EXTRACTED DATA:
——
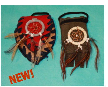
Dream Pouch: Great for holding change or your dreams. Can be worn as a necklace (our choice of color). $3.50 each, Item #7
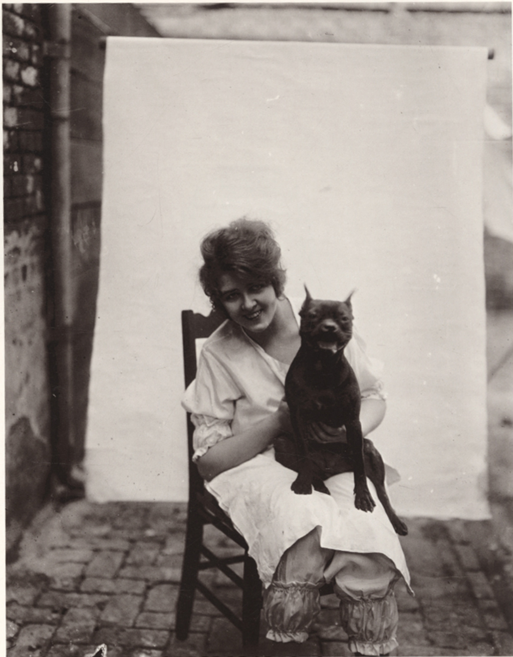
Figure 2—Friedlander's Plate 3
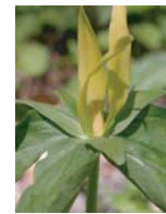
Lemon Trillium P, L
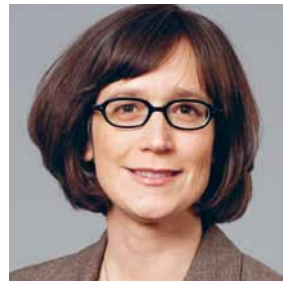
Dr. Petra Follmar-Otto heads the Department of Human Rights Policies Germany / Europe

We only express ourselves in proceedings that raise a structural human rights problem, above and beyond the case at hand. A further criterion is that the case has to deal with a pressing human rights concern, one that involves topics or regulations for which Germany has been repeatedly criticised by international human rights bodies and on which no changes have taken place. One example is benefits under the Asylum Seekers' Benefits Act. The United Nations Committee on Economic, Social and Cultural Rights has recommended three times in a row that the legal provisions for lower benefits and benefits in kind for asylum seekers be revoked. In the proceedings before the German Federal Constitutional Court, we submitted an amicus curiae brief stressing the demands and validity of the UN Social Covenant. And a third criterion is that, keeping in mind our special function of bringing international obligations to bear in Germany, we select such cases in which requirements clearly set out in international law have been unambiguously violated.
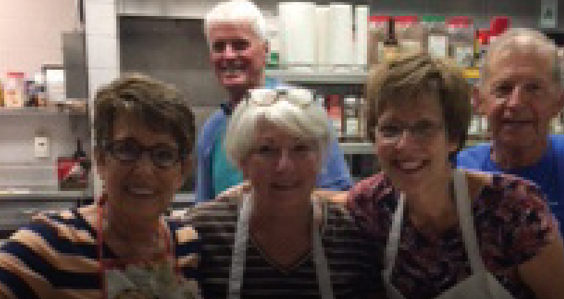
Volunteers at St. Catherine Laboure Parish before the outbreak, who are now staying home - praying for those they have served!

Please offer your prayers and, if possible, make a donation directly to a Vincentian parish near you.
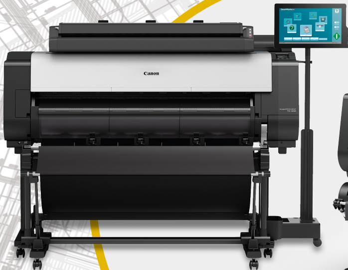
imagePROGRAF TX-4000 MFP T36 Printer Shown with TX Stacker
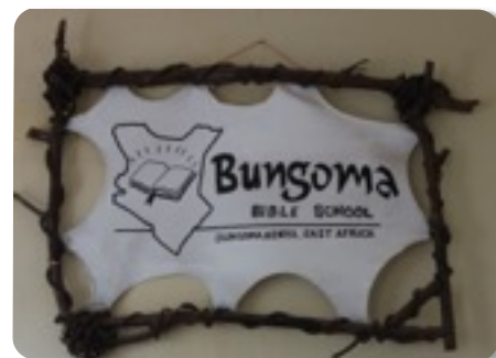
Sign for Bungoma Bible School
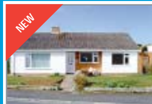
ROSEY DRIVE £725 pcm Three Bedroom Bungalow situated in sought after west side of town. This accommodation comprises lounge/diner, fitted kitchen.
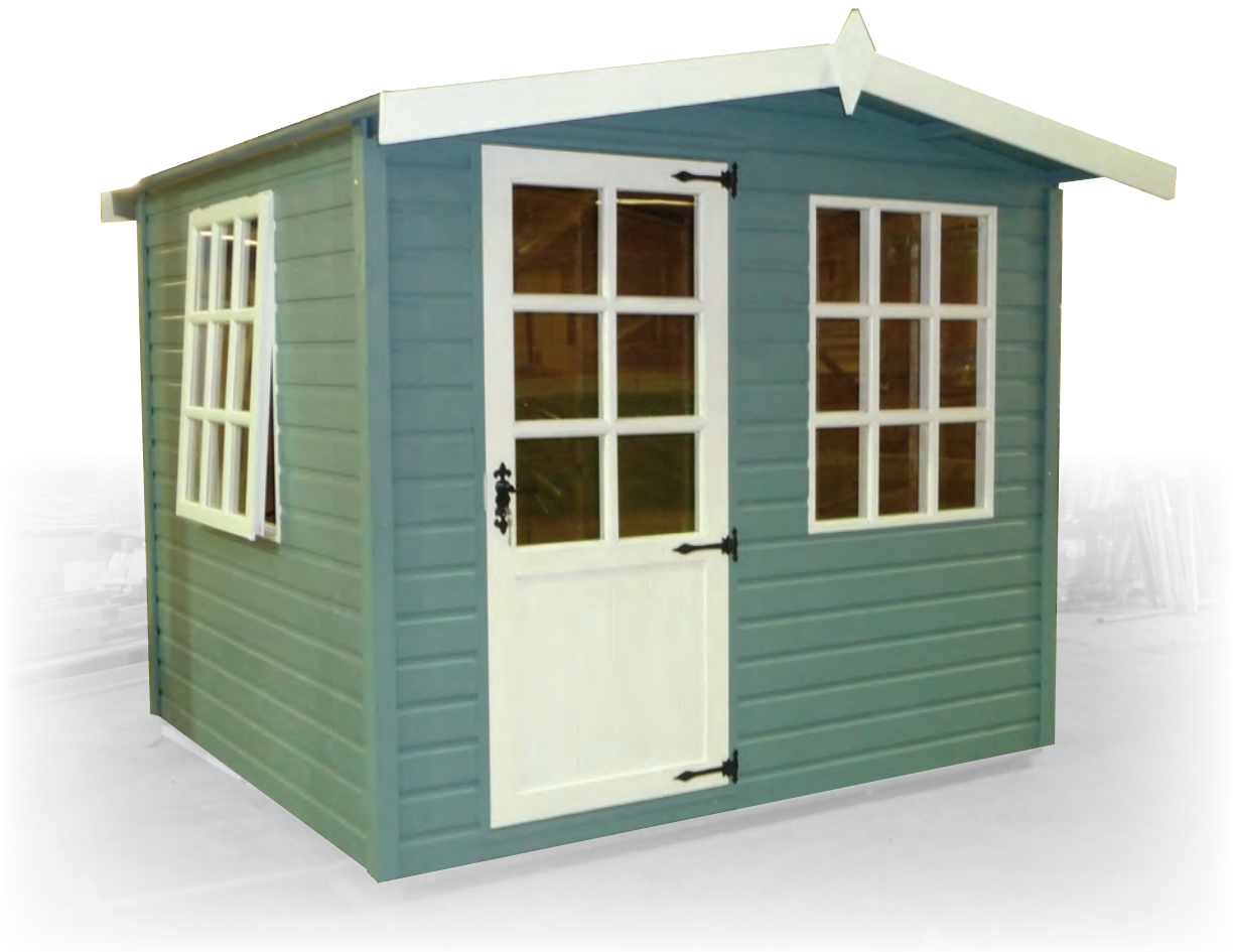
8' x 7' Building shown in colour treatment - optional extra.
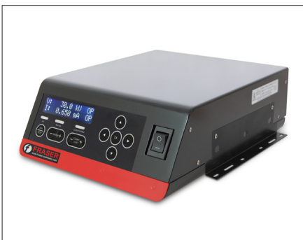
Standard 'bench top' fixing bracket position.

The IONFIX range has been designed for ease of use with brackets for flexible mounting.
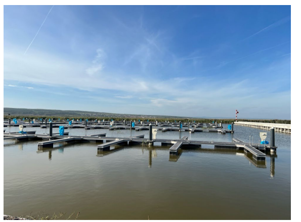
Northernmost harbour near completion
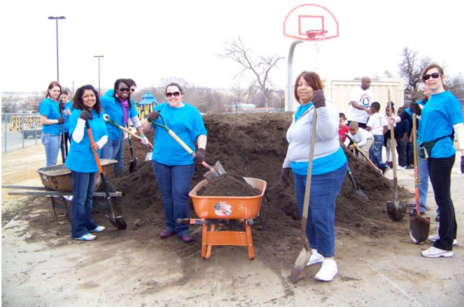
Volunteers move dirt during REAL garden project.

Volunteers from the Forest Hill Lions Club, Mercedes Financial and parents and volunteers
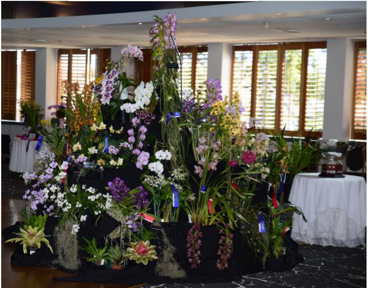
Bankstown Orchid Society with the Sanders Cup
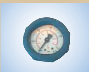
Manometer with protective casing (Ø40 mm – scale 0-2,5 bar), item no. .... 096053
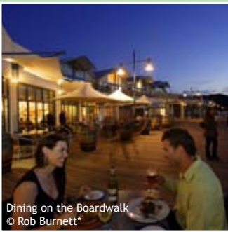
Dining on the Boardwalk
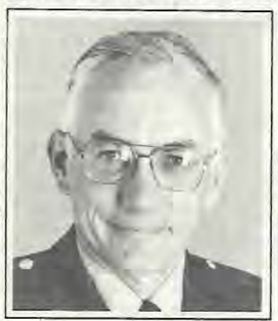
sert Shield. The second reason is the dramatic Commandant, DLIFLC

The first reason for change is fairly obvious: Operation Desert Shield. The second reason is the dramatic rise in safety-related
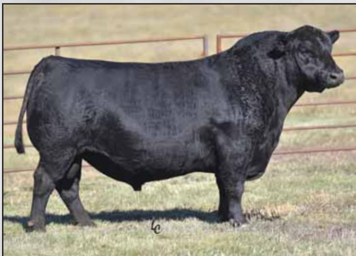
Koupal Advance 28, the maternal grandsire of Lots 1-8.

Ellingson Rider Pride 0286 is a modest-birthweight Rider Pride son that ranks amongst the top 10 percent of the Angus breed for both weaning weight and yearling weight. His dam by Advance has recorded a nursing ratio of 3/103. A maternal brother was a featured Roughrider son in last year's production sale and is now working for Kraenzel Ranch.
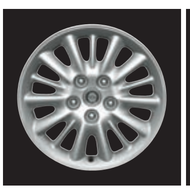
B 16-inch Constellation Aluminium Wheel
——
ASSIGNMENT:
Of all the material above, only the lines from the one that has "Dining on the Boardwalk" down to the one that has "Koupal Advance 28, the" are to be written out, exactly and with both ends included. Pictures are skipped.

SOLUTION:
Dining on the Boardwalk
sert Shield. The second reason is the dramatic Commandant, DLIFLC

The first reason for change is fairly obvious: Operation Desert Shield. The second reason is the dramatic rise in safety-related
Koupal Advance 28, the maternal grandsire of Lots 1-8.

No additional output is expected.